◆ What is being asked: No pictures belong in the copy. Retype exactly, and only, the stretch of lines below from the one with "[다운로드] 버튼 클릭합니다." through the one with "12 признаков преддиабета: почему".

◆ Material to process:
----------
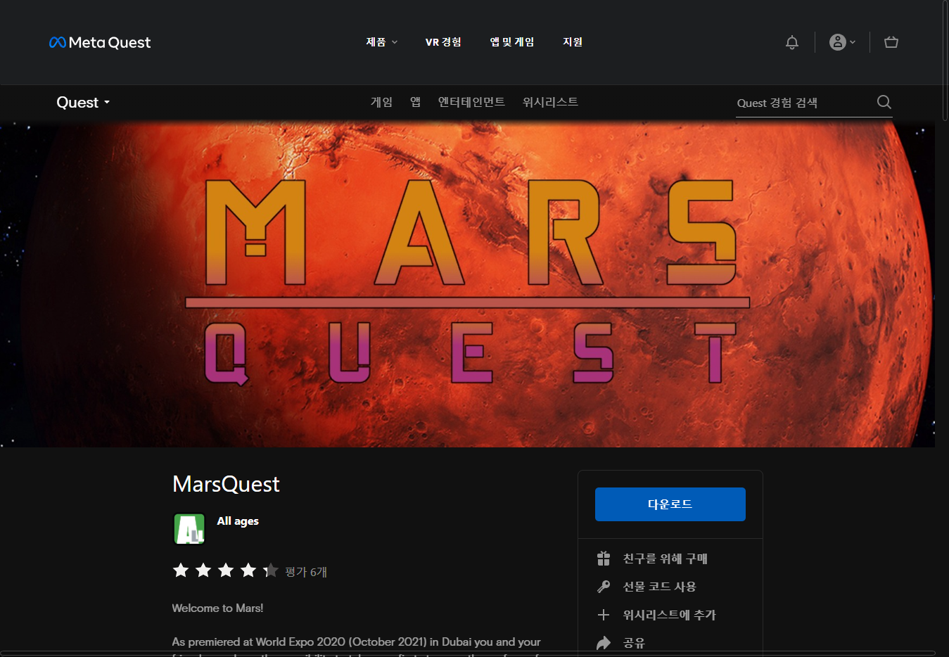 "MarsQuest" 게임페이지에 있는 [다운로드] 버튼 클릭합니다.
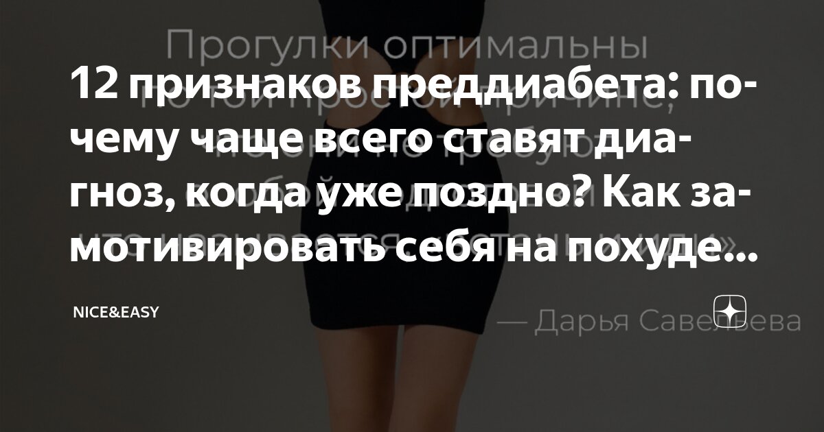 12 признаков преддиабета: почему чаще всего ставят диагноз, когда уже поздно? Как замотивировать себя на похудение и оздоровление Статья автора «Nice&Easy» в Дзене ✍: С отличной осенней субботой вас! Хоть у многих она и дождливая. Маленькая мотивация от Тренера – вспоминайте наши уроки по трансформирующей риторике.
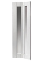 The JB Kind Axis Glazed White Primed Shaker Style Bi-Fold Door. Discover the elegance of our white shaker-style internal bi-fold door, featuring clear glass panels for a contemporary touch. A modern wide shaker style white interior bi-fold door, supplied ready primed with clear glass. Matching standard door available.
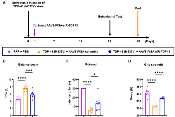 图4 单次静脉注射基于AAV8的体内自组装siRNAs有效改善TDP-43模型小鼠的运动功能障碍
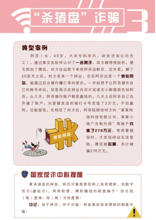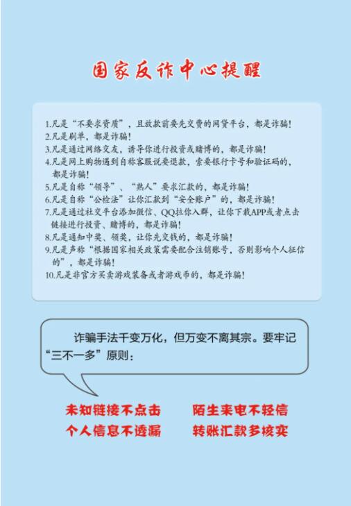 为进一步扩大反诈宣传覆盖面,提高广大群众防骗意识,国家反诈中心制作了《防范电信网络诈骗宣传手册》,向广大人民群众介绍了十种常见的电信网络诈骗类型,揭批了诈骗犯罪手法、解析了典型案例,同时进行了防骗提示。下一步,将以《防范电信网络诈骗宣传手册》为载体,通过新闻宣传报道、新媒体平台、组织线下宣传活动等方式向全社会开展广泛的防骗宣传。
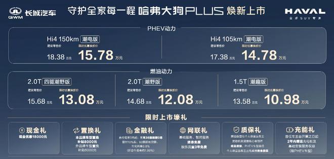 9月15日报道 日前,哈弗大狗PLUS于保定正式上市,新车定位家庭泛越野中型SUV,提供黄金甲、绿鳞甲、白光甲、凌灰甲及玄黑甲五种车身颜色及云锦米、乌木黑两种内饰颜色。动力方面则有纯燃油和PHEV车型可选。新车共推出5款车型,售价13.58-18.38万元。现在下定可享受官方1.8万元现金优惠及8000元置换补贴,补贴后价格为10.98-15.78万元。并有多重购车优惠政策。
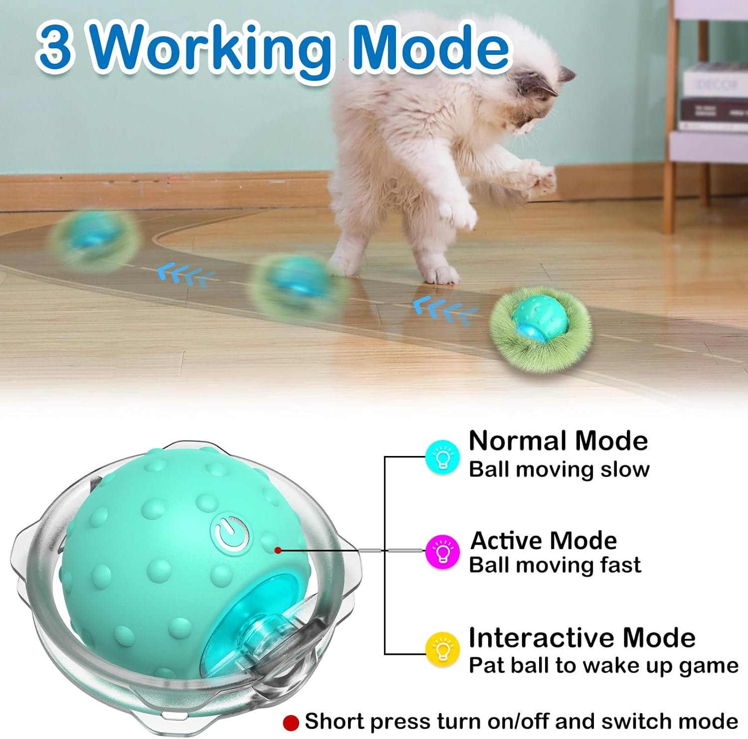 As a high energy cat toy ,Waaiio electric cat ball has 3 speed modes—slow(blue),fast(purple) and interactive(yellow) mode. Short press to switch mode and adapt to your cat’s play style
----------
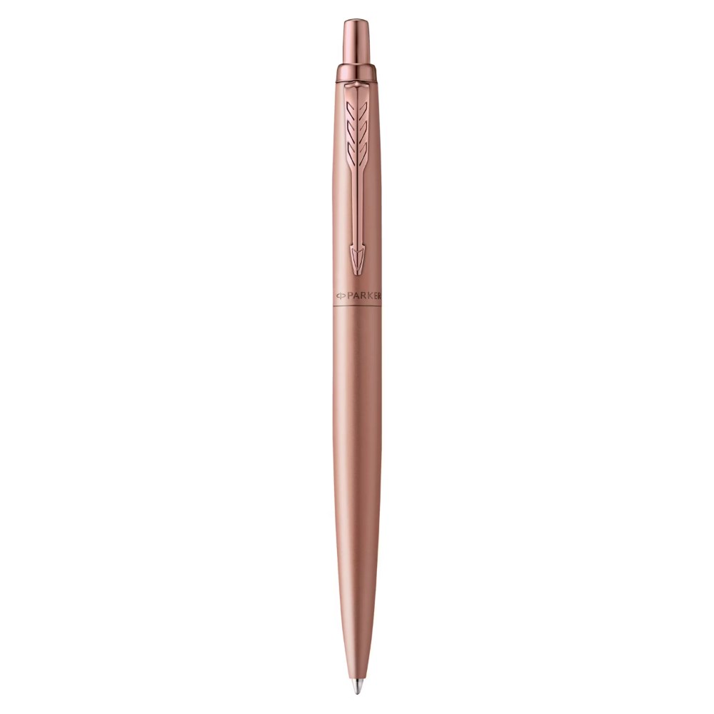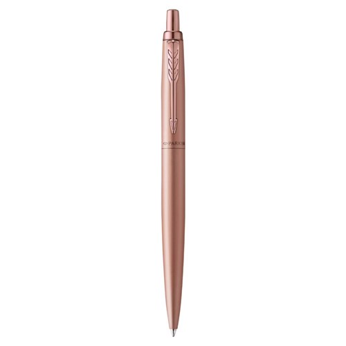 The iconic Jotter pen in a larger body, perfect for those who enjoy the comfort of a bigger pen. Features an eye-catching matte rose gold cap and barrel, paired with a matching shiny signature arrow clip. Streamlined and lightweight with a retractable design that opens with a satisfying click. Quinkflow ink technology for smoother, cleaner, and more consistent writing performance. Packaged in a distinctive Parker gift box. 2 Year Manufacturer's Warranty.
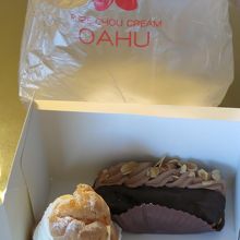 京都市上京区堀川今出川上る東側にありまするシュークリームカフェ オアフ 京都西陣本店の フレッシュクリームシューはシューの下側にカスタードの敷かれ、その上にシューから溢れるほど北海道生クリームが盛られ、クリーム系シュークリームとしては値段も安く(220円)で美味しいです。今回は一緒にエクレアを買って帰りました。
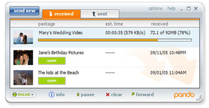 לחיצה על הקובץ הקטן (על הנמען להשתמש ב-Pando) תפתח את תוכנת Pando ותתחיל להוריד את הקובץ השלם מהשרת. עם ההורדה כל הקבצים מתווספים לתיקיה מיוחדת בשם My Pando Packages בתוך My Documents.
----------
◆ Response to the exercise:
 "MarsQuest" 게임페이지에 있는 [다운로드] 버튼 클릭합니다.
 12 признаков преддиабета: почему чаще всего ставят диагноз, когда уже поздно? Как замотивировать себя на похудение и оздоровление Статья автора «Nice&Easy» в Дзене ✍: С отличной осенней субботой вас! Хоть у многих она и дождливая. Маленькая мотивация от Тренера – вспоминайте наши уроки по трансформирующей риторике.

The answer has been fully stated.